▸ Problem to solve
Retype the records below word for word and omit any image.

Stored items from a collection:
===

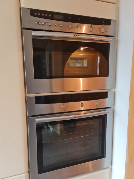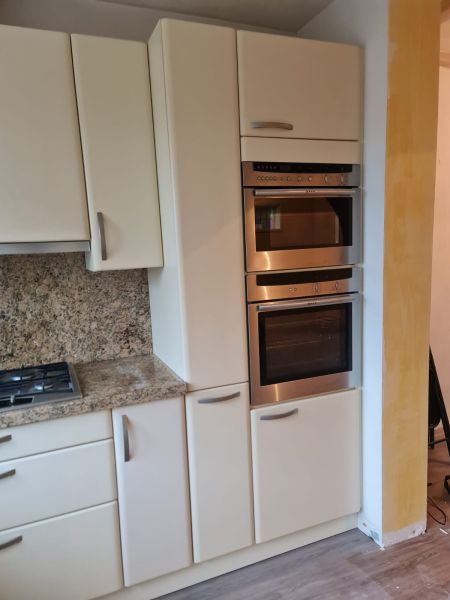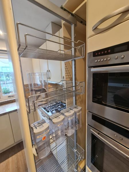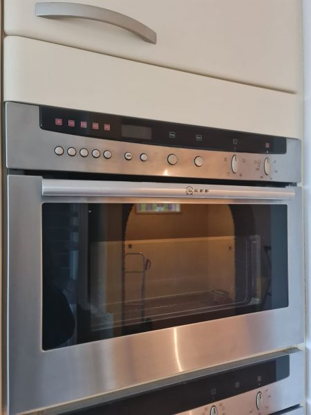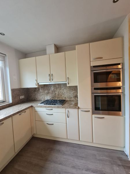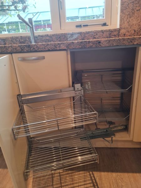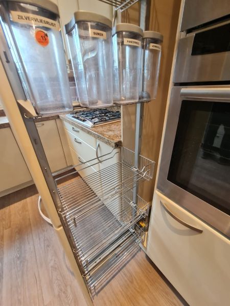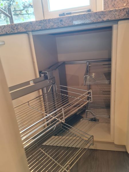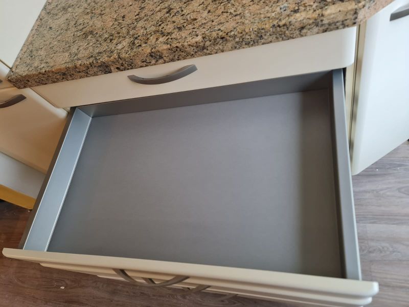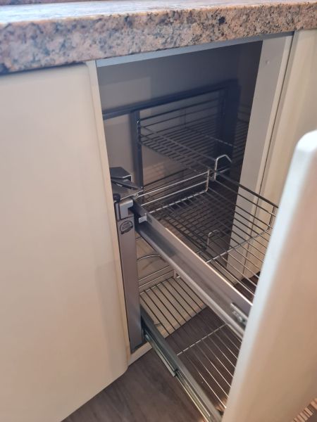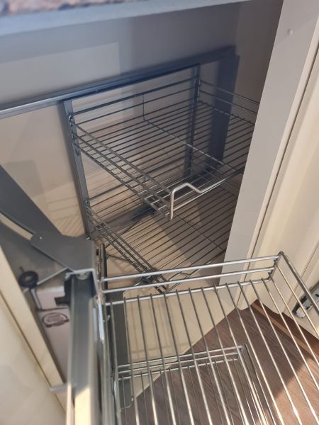 Bardzo ładna i po prostu fajna kuchnia z wieloma zaletami. Kuchnia jest dość duża bo ma aż 7m zabudowy. Jest wykonana bardzo solidnie, zaczynając od frontów z masywnej płyty MDF, przez okucia - wszystkie szafki otwierane jak i szuflady mają cichy dokym. Kuchnia jest bardzo funkcjonalna, ma dość miejsca roboczego na blacie oraz równie dużo miejsca do przechowywania. Zwracam uwagę na to jak duże, głębokie i pojemne szuflady tutaj mamy, dwie szafki całego i super szafkę narożną - tak zwana 'magic corner' czyli: magiczny narożnik. Szafka narożna ma 4 kosze, z mechanizmem wysuwania. Kuchnia ma aż 2 piekarniki. Na dole klasyczny piekarnik z termoobiegiem, a wyżej kombi piekarnik czyli piec z funkcją mikrofali 2w1. Kuchnia ma także w wyposażeniu bardzo ładną i dużą lodówke. Wysoka i pojemna lodówka z dużą zamrażarką z 3 szufladami. Obok zlewu jest zmywarka 45cm szeroka, na blacie płyta gazowa a w górnej szafce jest okap w zabudowie.
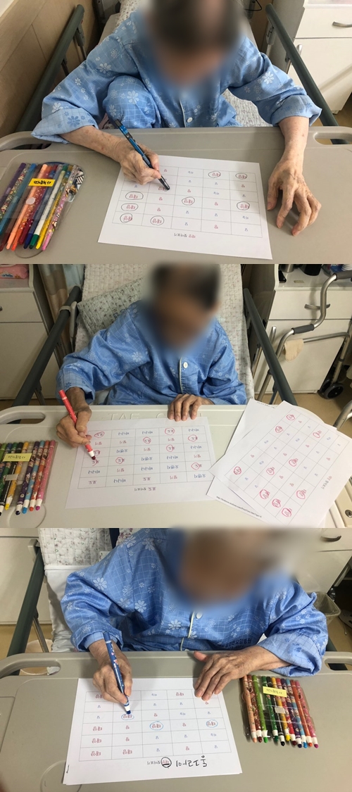 2020년 07월 16일 (목) 오늘은 인지치료로 단어 찾기를 하였습니다.
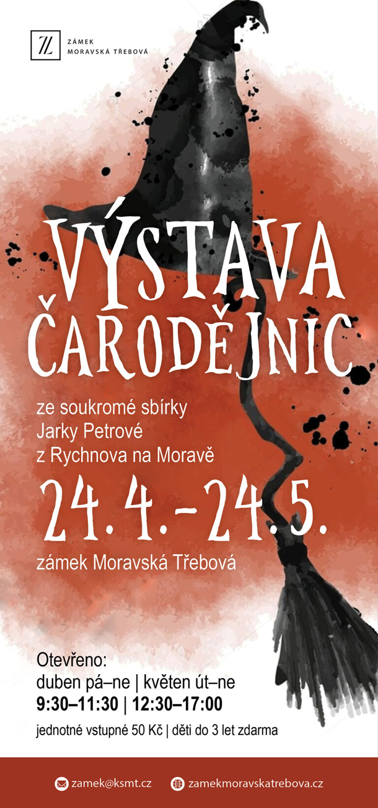 Zveme vás na výstavu soukromé sbírky čarodějnic, kterou na zámek zapůjčila paní Jarka Petrová z Rychnova na Moravě. Budete si moci prohlédnout více než 150 rozmanitých figur různých velikostí. Pálení čarodějnic je lidový svátek slavený v noci z 30. dubna na 1. května, nazývaný také filipojakubská noc. Jeho kořeny sahají do předkřesťanských dob a souvisejí s ochranou před zlými silami, očistou a příchodem jara. Zapalování velkých ohňů mělo podle lidových představ odehnat zlé duchy, očistit krajinu i lidi
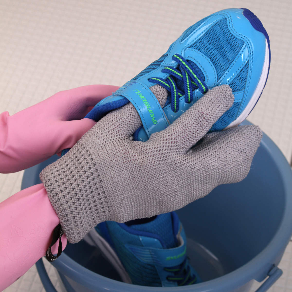 お子様の上履きやスニーカー洗いにもお使いいただけます。靴裏のでこぼこに入り込んだ汚れも、指先でこすって落とせます。
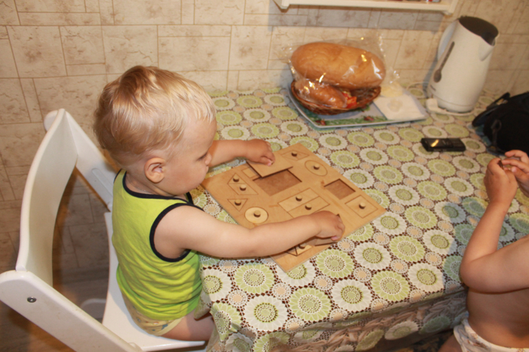Очень нравятся домики с открывающимися дверями и лестницы: строит из лего, играет с бумажными домиками. Вообще двери, окна и лестницы везде в почёте - в машинах, самолётах, каких-то постройках... ну и сам любит в домики играть - залезать под стол или стул, сам себя спрашивать "тя там?" или махать оттуда рукой: "Ие!" (=привет!)
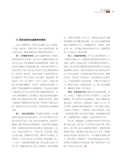 第一,明确领导责任。 这次主题教育在中央政治 第三,注重统筹兼顾。 今年是全面贯彻党的二十
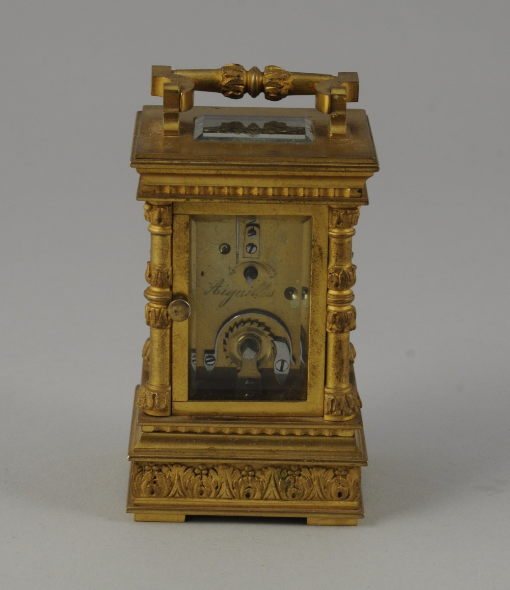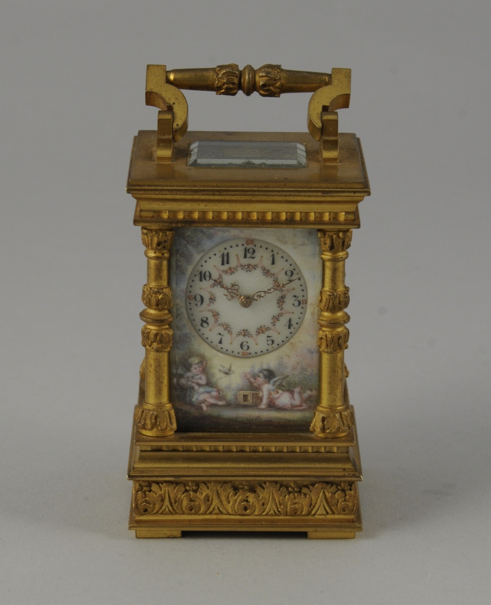 PENDULETTE D'OFFICIER en bronze ciselé et doré. Le cadran émaillé blanc indiquant les heures et les quarts en chiffres arabes orné de guirlandes de fleurs polychromes. Il s'incrit dans une plaque émaillée à décor polychrome figurant deux amours jouant avec un oiseau. Les côtés sont également garnis d'une plaque émaillée figurant pour l'un une jeune femme lisant et pour l'autre une jeune femme à la colombe. Montants à demi-colonnes engagées ornées de bagues feuillagées. La base ciselée d'une frise de feuilles d'acanthe stylisées. Panneaux vitrés en biseau, celui du sommet gravé d'une couronne de marquis. Dans son coffret en maroquin orné de croisillons et d'une couronne de marquis.

===

▸ Solution
 Bardzo ładna i po prostu fajna kuchnia z wieloma zaletami. Kuchnia jest dość duża bo ma aż 7m zabudowy. Jest wykonana bardzo solidnie, zaczynając od frontów z masywnej płyty MDF, przez okucia - wszystkie szafki otwierane jak i szuflady mają cichy dokym. Kuchnia jest bardzo funkcjonalna, ma dość miejsca roboczego na blacie oraz równie dużo miejsca do przechowywania. Zwracam uwagę na to jak duże, głębokie i pojemne szuflady tutaj mamy, dwie szafki całego i super szafkę narożną - tak zwana 'magic corner' czyli: magiczny narożnik. Szafka narożna ma 4 kosze, z mechanizmem wysuwania. Kuchnia ma aż 2 piekarniki. Na dole klasyczny piekarnik z termoobiegiem, a wyżej kombi piekarnik czyli piec z funkcją mikrofali 2w1. Kuchnia ma także w wyposażeniu bardzo ładną i dużą lodówke. Wysoka i pojemna lodówka z dużą zamrażarką z 3 szufladami. Obok zlewu jest zmywarka 45cm szeroka, na blacie płyta gazowa a w górnej szafce jest okap w zabudowie.
 2020년 07월 16일 (목) 오늘은 인지치료로 단어 찾기를 하였습니다.
 Zveme vás na výstavu soukromé sbírky čarodějnic, kterou na zámek zapůjčila paní Jarka Petrová z Rychnova na Moravě. Budete si moci prohlédnout více než 150 rozmanitých figur různých velikostí. Pálení čarodějnic je lidový svátek slavený v noci z 30. dubna na 1. května, nazývaný také filipojakubská noc. Jeho kořeny sahají do předkřesťanských dob a souvisejí s ochranou před zlými silami, očistou a příchodem jara. Zapalování velkých ohňů mělo podle lidových představ odehnat zlé duchy, očistit krajinu i lidi
 お子様の上履きやスニーカー洗いにもお使いいただけます。靴裏のでこぼこに入り込んだ汚れも、指先でこすって落とせます。
Очень нравятся домики с открывающимися дверями и лестницы: строит из лего, играет с бумажными домиками. Вообще двери, окна и лестницы везде в почёте - в машинах, самолётах, каких-то постройках... ну и сам любит в домики играть - залезать под стол или стул, сам себя спрашивать "тя там?" или махать оттуда рукой: "Ие!" (=привет!)
 第一,明确领导责任。 这次主题教育在中央政治 第三,注重统筹兼顾。 今年是全面贯彻党的二十
 PENDULETTE D'OFFICIER en bronze ciselé et doré. Le cadran émaillé blanc indiquant les heures et les quarts en chiffres arabes orné de guirlandes de fleurs polychromes. Il s'incrit dans une plaque émaillée à décor polychrome figurant deux amours jouant avec un oiseau. Les côtés sont également garnis d'une plaque émaillée figurant pour l'un une jeune femme lisant et pour l'autre une jeune femme à la colombe. Montants à demi-colonnes engagées ornées de bagues feuillagées. La base ciselée d'une frise de feuilles d'acanthe stylisées. Panneaux vitrés en biseau, celui du sommet gravé d'une couronne de marquis. Dans son coffret en maroquin orné de croisillons et d'une couronne de marquis.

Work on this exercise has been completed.